For each waveform, we first extract its frequency spectra using the STRAIGHT vocoder with 2049 FFT points. For constructing the conventional system, 59 dimensional cepstrum coefficients were used. Spectrum and cepstrum were both frequency-warped using the Bark scale. Note that all the techniques synthesize only spectrum features and other requisite acoustic features; that is, F0 and aperiodicity measures were synthesized from the same HMM-based synthesis system [13]. Feature vectors for HMMs were comprised of 258 dimensions: 59 dimensional bark-cepstral coefficients (plus the 0th coefficient), log f0, 25 dimensional band aperiodicity measures, and their dynamic and acceleration coefficients. Phoneme durations were also estimated by HMM-based speech synthesis. The context-dependent labels were built using the pronunciation lexicon Combilex [14]. The linguistic features for DNN acoustic models were comprised of 897 dimensions: 858 dimensional binary features for categorical linguistic contexts, 36 numerical features for numerical linguistic contexts, and three numerical features for the position of the current frame and duration of the current segment. The linguistic features and spectral amplitudes in the training data were normalized for training DNNs. In the proposed technique, however, the bottleneck features are not normalized, and the normalization process is not used for hidden units in the integrated DNN. The input linguistic features were normalized to have zero-mean unit-variance, whereas the output spectral amplitudes were normalized to be within 0.0–1.0.
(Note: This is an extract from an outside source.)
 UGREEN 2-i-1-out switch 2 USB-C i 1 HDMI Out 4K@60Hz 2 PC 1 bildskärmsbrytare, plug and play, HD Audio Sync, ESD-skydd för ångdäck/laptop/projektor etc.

We synthesized speech samples from spectrum amplitudes, F0 features and aperiodicity measures using the STRAIGHT vocoder in all techniques. In CEPSTRUM, synthesized cepstral vectors were converted into spectrum amplitudes for using the STRAIGHT vocoder.
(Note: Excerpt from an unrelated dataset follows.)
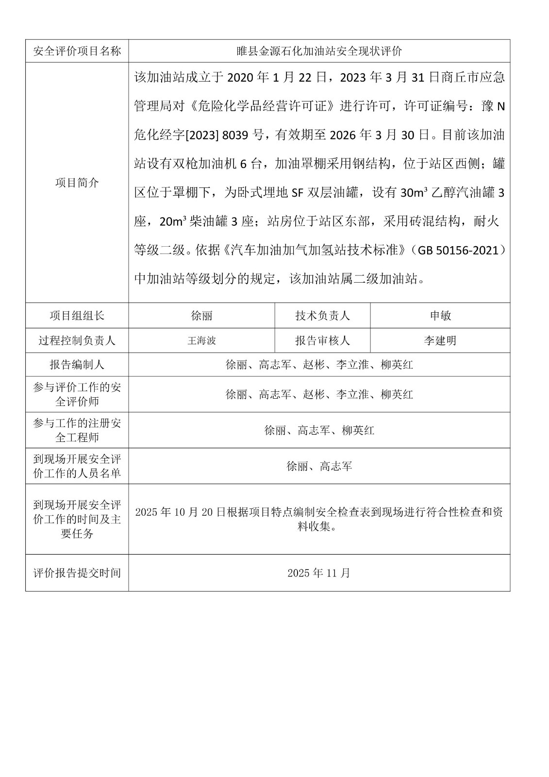 汝州市海洋石油有限公司临登路加油站安全现状评价

In subjective experiments, two preference tests were conducted. Seven subjects participated in both listening tests. Thirty sentences were randomly selected from the 180 sentences for each subject. The experiment was carried out using headphones in a quiet room.

Fig. 6
figure 6

Results of preference test

5.1 Experimental Result

Figure 6 shows the results of the preference tests with 95 % confidence intervals. In the first preference test, they were asked to compare the DNN that synthesizes cepstrum vectors (CEPSTRUM) with the proposed DNN (INTEG). In the second preference test, they were asked to compare the DNN without the proposed pre-training technique that synthesizes spectrum amplitudes (SPECTRUM) with the proposed DNN (INTEG). The figure shows that the proposed technique produces more natural-sounding speech than other techniques. This indicates that the DNN that directly synthesizes spectra was efficiently trained using the proposed technique.

6 Conclusion

In this paper, we have proposed a technique for constructing a DNN that directly synthesizes spectral amplitudes. On the basis of the general flow for constructing the statistical parametric speech synthesis systems, a part of layers of a DNN could be efficiently pre-trained. Experimental results showed that the proposed technique increased the quality of synthetic speech.

In future work, we will investigate the effect of structures of a DNN-based acoustic model and a DNN-based spectrum auto-encoder more thoroughly. Time derivative features will also be interesting to investigate.